To inspire and nurture the union spirit: one partner, one cup, one store at a time!
— SBWorkersUnited (@SBWorkersUnited) January 14, 2022
Hyde Park & Downtown La Grange in Chicago have entered the chat… ✊ pic.twitter.com/dz5fLTcNUD
Cheba Hut raises money to smoke out injustice
Cheba Hut, the cannabis-themed sandwich shop with locations in Wicker Park and Wrigleyville, will be holding a fundraiser tomorrow, January 20, for the Last Prisoner Project, a nonprofit dedicated to freeing people who are still serving prison terms for cannabis possession. One dollar from the sale of every sandwich will go to the Last Prisoner Project, and Cheba Hut’s corporate headquarters will match donations.

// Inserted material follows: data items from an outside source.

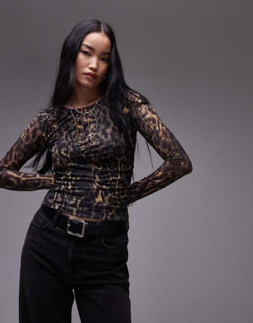 AllSaints – Edana – Langärmliges Netzstoff-Shirt mit Leopardenmuster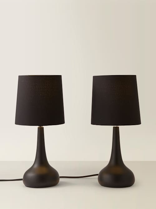 Double the glow, double the charm. This pair of teardrop touch lamps brings effortless warmth to any space, with smooth metallic black bases and matching black shades that glow beautifully. Tap to dim, tap to brighten, tap just because. The touch control makes mood-setting irresistibly easy. Perfect for bedside symmetry, living-room glow-ups or anywhere that could use a little sparkle in twos.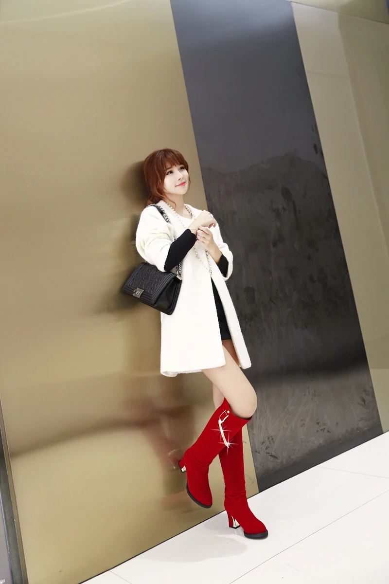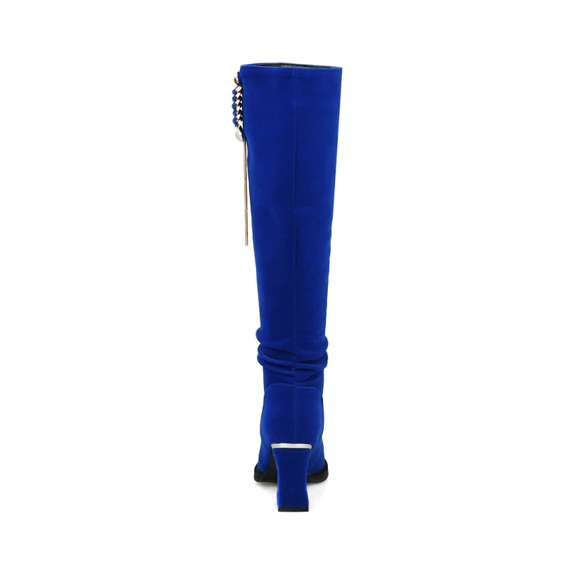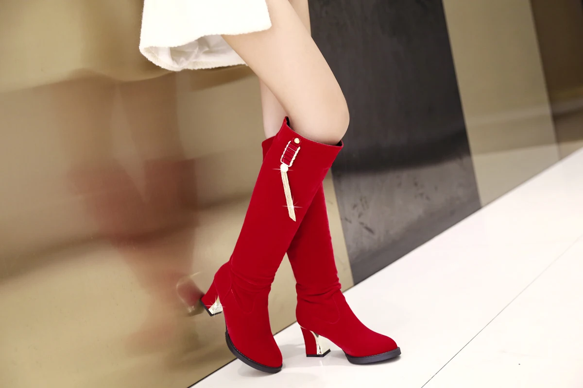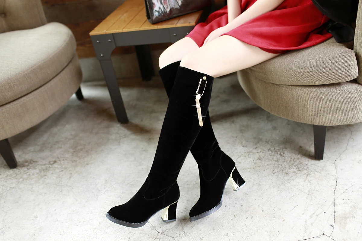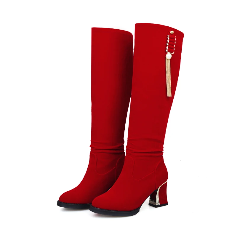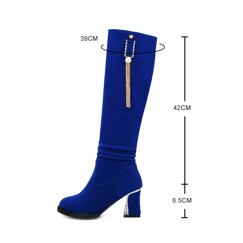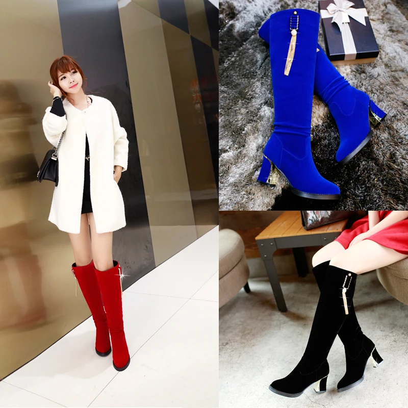 Сапоги женские до колена, с кисточками, на высоком каблуке, черные, синие, красные, большой размер 34-44, для зимы

A beloved sommelier needs help with medical bills
A GoFundMe launched last weekend on behalf of sommelier Joe Fiely, owner of Joe’s Imports Wine Bar in Fulton Market, has raised more than $50,000 for the operator who is battling stage four cancer and needs help paying hospital and home healthcare bills. Fiely, a former accountant who discovered the power of wine on a trip to Tuscany, entered the Chicago restaurant scene more than 30 years ago as a consultant for the opening of SCOOZI, Lettuce Entertain You’s Italian spot, and then went on to become the wine director for Francesca’s Restaurant Group (now Scott Harris Hospitality), which now has eight different concepts nationwide. “You can’t turn a stone over in Chicago’s restaurant scene and not find someone whose life Joe hasn’t touched,” Fiely’s friends write on the GoFundMe page, which has already surpassed its $50,000 goal.